## Exercise brief
Please repeat the data below exactly, with the pictures removed.

Start of Data

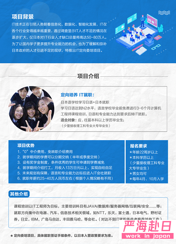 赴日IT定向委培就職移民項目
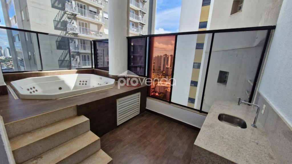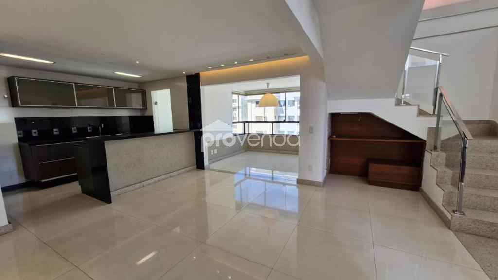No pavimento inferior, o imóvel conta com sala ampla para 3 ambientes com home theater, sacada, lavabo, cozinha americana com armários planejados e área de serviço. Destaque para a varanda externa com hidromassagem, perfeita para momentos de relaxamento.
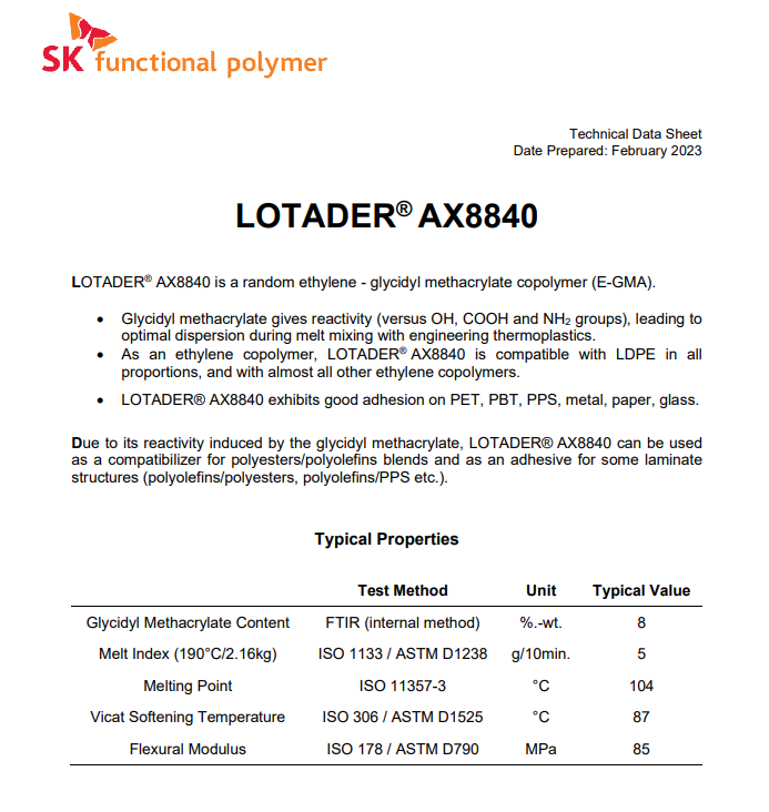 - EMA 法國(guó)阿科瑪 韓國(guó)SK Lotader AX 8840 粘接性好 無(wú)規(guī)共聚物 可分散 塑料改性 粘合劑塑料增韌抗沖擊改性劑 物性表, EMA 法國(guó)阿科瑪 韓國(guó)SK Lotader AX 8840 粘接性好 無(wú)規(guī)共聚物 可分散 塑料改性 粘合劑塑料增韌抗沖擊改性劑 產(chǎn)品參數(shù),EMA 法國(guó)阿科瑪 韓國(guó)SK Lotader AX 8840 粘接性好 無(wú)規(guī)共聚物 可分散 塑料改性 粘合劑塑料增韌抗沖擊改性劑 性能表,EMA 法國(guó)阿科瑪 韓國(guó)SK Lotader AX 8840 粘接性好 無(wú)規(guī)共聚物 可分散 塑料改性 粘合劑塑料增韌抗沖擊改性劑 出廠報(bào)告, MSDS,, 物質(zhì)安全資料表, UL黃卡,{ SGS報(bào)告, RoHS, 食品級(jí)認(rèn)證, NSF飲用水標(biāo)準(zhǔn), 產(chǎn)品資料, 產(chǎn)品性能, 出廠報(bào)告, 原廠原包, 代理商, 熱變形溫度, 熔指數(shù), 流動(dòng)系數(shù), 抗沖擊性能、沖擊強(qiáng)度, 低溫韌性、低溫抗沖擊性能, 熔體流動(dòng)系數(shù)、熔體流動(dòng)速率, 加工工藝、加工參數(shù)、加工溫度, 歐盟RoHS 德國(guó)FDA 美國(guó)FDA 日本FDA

End of Data

## Answer section
 赴日IT定向委培就職移民項目
No pavimento inferior, o imóvel conta com sala ampla para 3 ambientes com home theater, sacada, lavabo, cozinha americana com armários planejados e área de serviço. Destaque para a varanda externa com hidromassagem, perfeita para momentos de relaxamento.
 - EMA 法國(guó)阿科瑪 韓國(guó)SK Lotader AX 8840 粘接性好 無(wú)規(guī)共聚物 可分散 塑料改性 粘合劑塑料增韌抗沖擊改性劑 物性表, EMA 法國(guó)阿科瑪 韓國(guó)SK Lotader AX 8840 粘接性好 無(wú)規(guī)共聚物 可分散 塑料改性 粘合劑塑料增韌抗沖擊改性劑 產(chǎn)品參數(shù),EMA 法國(guó)阿科瑪 韓國(guó)SK Lotader AX 8840 粘接性好 無(wú)規(guī)共聚物 可分散 塑料改性 粘合劑塑料增韌抗沖擊改性劑 性能表,EMA 法國(guó)阿科瑪 韓國(guó)SK Lotader AX 8840 粘接性好 無(wú)規(guī)共聚物 可分散 塑料改性 粘合劑塑料增韌抗沖擊改性劑 出廠報(bào)告, MSDS,, 物質(zhì)安全資料表, UL黃卡,{ SGS報(bào)告, RoHS, 食品級(jí)認(rèn)證, NSF飲用水標(biāo)準(zhǔn), 產(chǎn)品資料, 產(chǎn)品性能, 出廠報(bào)告, 原廠原包, 代理商, 熱變形溫度, 熔指數(shù), 流動(dòng)系數(shù), 抗沖擊性能、沖擊強(qiáng)度, 低溫韌性、低溫抗沖擊性能, 熔體流動(dòng)系數(shù)、熔體流動(dòng)速率, 加工工藝、加工參數(shù)、加工溫度, 歐盟RoHS 德國(guó)FDA 美國(guó)FDA 日本FDA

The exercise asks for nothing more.